[AVAILABLE RECORDS]

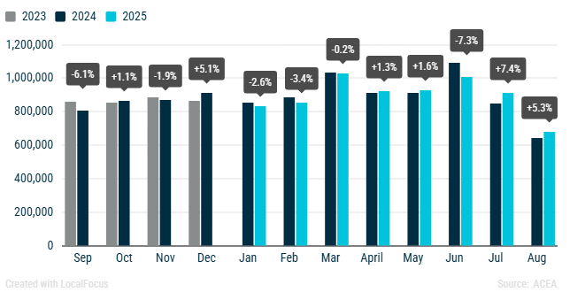 De acuerdo con el reporte de ventas de agosto de la Asociación Europea de Fabricantes de Automóviles (ACEA), en lo que va de año, la venta de vehículos nuevos en la UE ha disminuido ligeramente 0.1% en comparación con el mismo período del año anterior, a pesar de marcar un segundo mes consecutivo de crecimiento positivo.
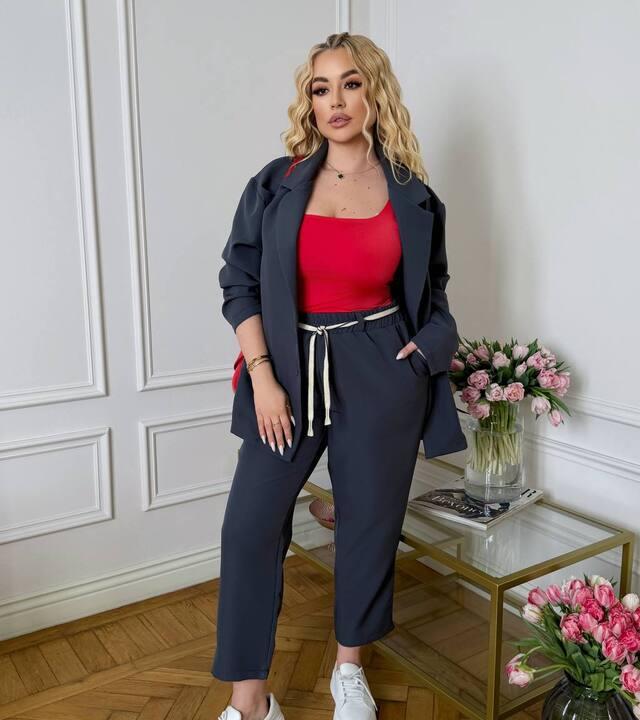 Такой костюм можно носить как единым комплектом, так и по отдельности. Жакет хорошо сочетается с джинсами, юбками и платьями, а брюки легко комбинируются с футболками, блузами, рубашками и лонгсливами. Благодаря этому комплект становится не просто красивой двойкой, а по-настоящему выгодным приобретением для гардероба. Это отличный выбор для женщин, которые хотят выглядеть современно, аккуратно и уверенно, не жертвуя комфортом и удобством в течение всего дня.
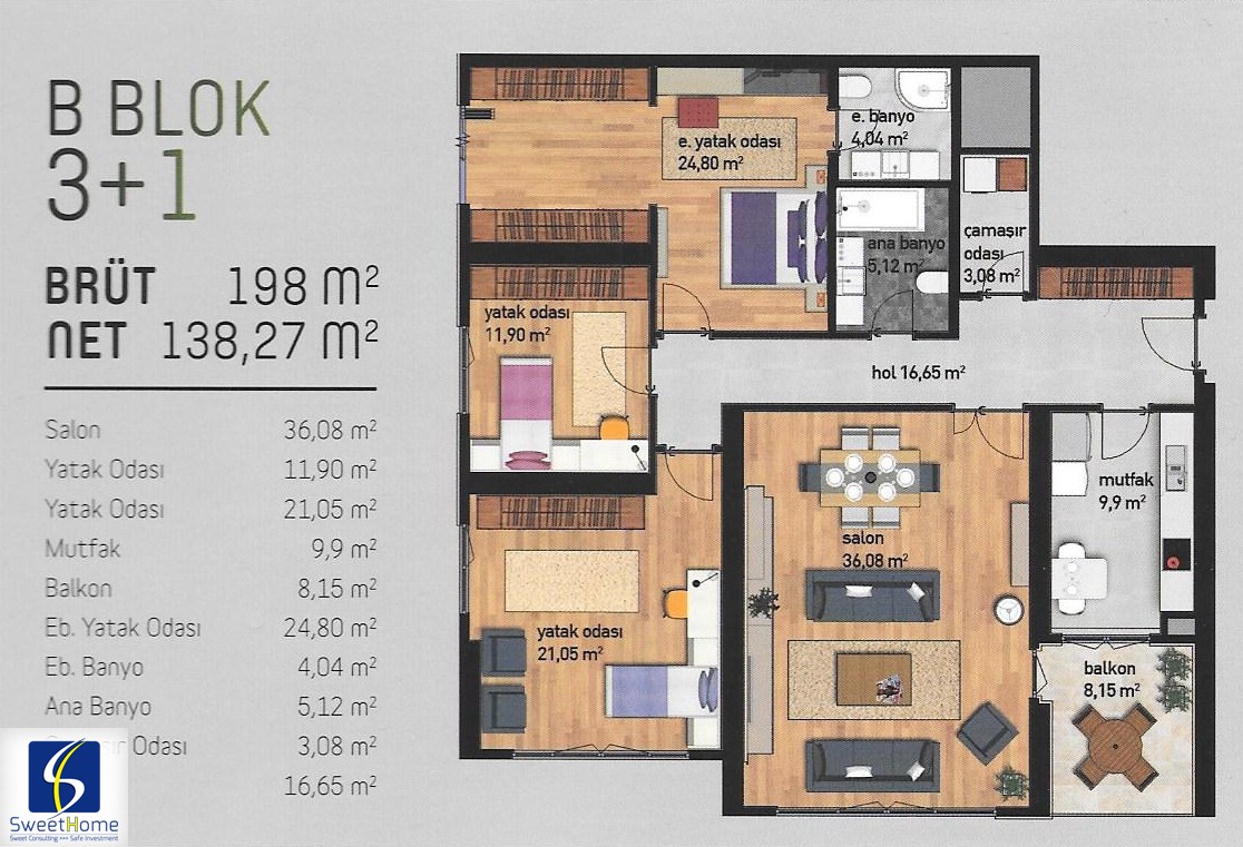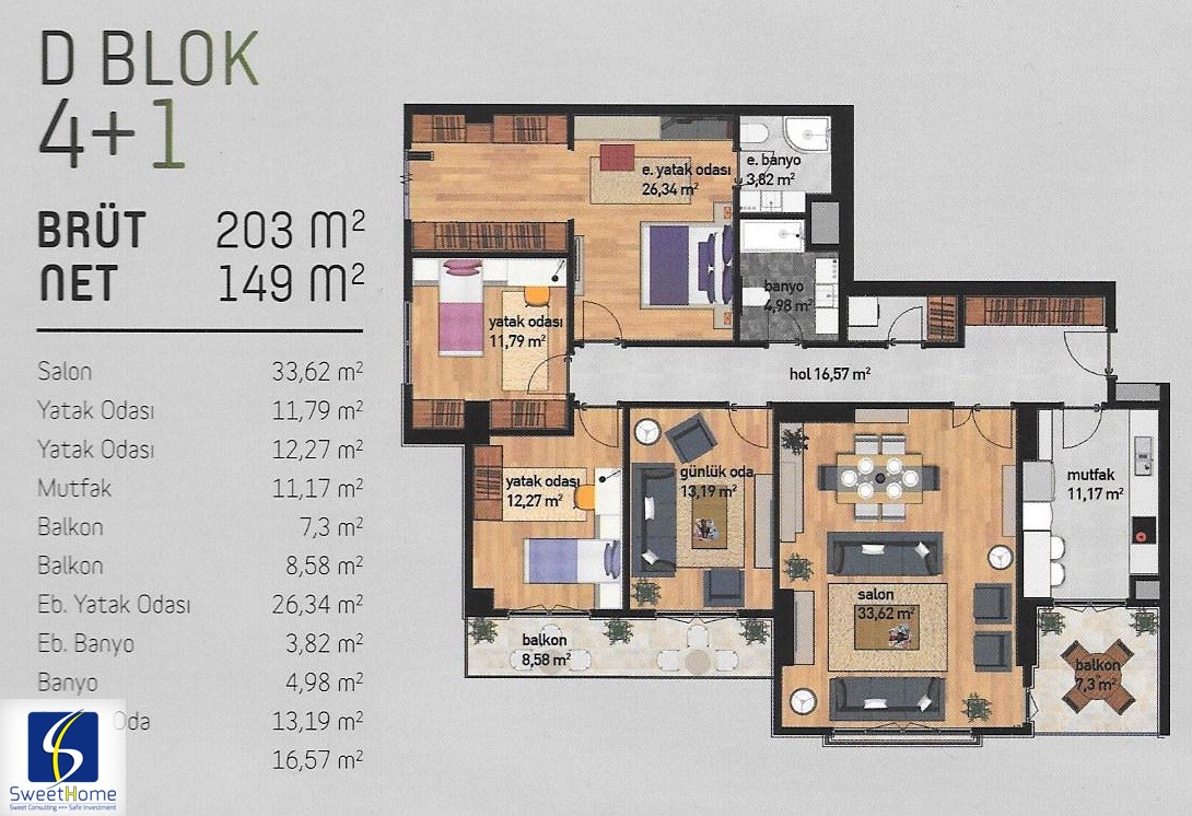 | 3 + 1 | 172 m2 | 203 m2 | 693090 | 852720 | TRY |
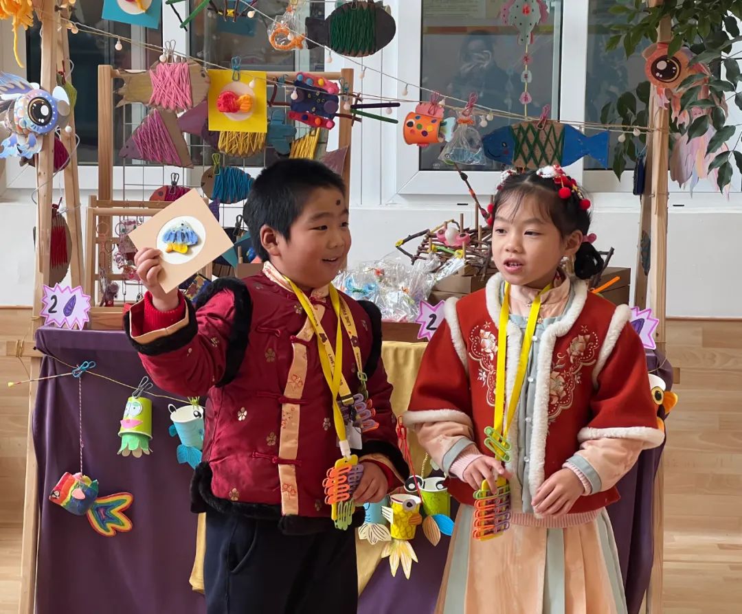 “我们摊位的簪花可以打五折!来‘买’吧!”大班的樊鹿嘉孩子卖自己班的手工簪花,时不时和小客户讨价还价。“看着簪花一点点‘卖’出去,很有成就感!”樊鹿嘉说。
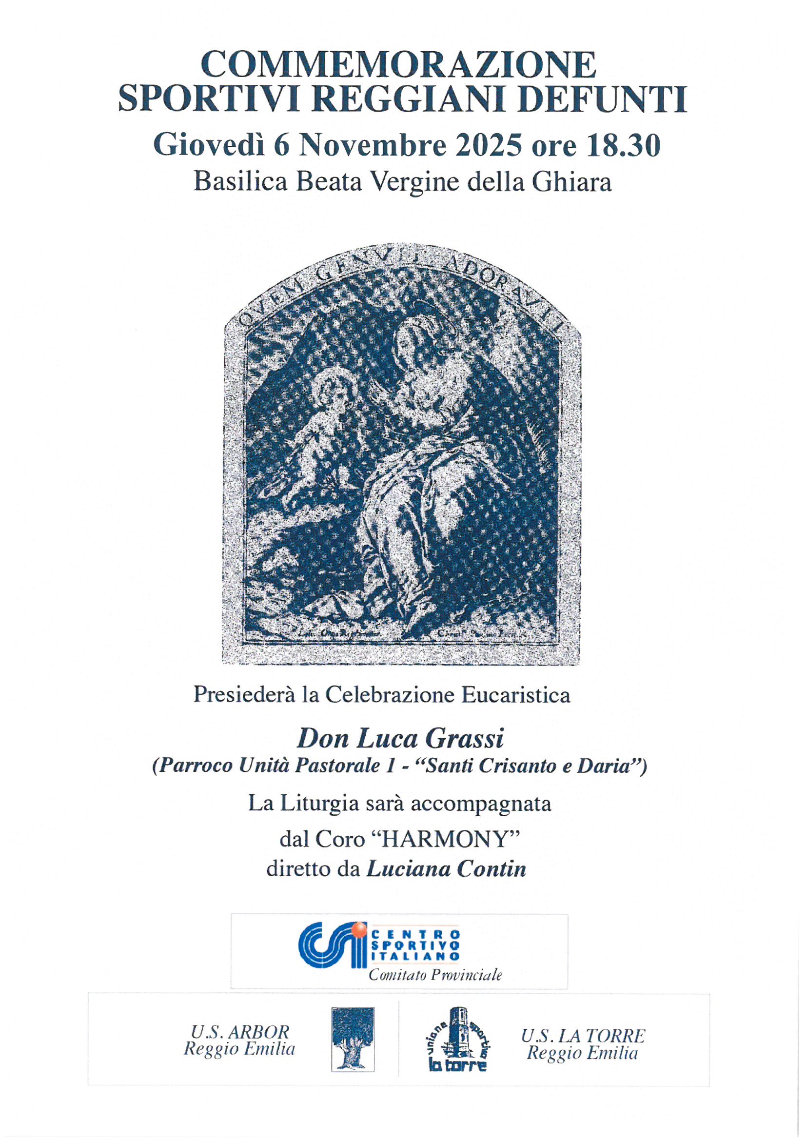 Alle 19, nella chiesa di Santa Croce (via Adua, Reggio Emilia), il consulente regionale del Centro Sportivo Italiano, don Pietro Adani, celebrerà la Santa Messa. Alle 20,15 la cena e la festa aperta a tutti nei locali del ristorante pizzeria Il Faro (via Degani 1, in zona aeroporto): confermata la presenza delle giocatrici della prima squadra, l’Interclays Itarca capolista nel campionato femminile di serie C regionale, e delle atlete di tutte le squadre giovanili.
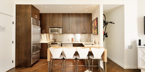 *Gourmet kitchen with stainless steel appliances, marble countertop and breakfast bar.

[/AVAILABLE RECORDS]

**WHAT THE EXERCISE ASKS**:
For this exercise, return the material word for word and drop each image.

**ANSWER SECTION**:
 De acuerdo con el reporte de ventas de agosto de la Asociación Europea de Fabricantes de Automóviles (ACEA), en lo que va de año, la venta de vehículos nuevos en la UE ha disminuido ligeramente 0.1% en comparación con el mismo período del año anterior, a pesar de marcar un segundo mes consecutivo de crecimiento positivo.
 Такой костюм можно носить как единым комплектом, так и по отдельности. Жакет хорошо сочетается с джинсами, юбками и платьями, а брюки легко комбинируются с футболками, блузами, рубашками и лонгсливами. Благодаря этому комплект становится не просто красивой двойкой, а по-настоящему выгодным приобретением для гардероба. Это отличный выбор для женщин, которые хотят выглядеть современно, аккуратно и уверенно, не жертвуя комфортом и удобством в течение всего дня.
 | 3 + 1 | 172 m2 | 203 m2 | 693090 | 852720 | TRY |
 “我们摊位的簪花可以打五折!来‘买’吧!”大班的樊鹿嘉孩子卖自己班的手工簪花,时不时和小客户讨价还价。“看着簪花一点点‘卖’出去,很有成就感!”樊鹿嘉说。
 Alle 19, nella chiesa di Santa Croce (via Adua, Reggio Emilia), il consulente regionale del Centro Sportivo Italiano, don Pietro Adani, celebrerà la Santa Messa. Alle 20,15 la cena e la festa aperta a tutti nei locali del ristorante pizzeria Il Faro (via Degani 1, in zona aeroporto): confermata la presenza delle giocatrici della prima squadra, l’Interclays Itarca capolista nel campionato femminile di serie C regionale, e delle atlete di tutte le squadre giovanili.
 *Gourmet kitchen with stainless steel appliances, marble countertop and breakfast bar.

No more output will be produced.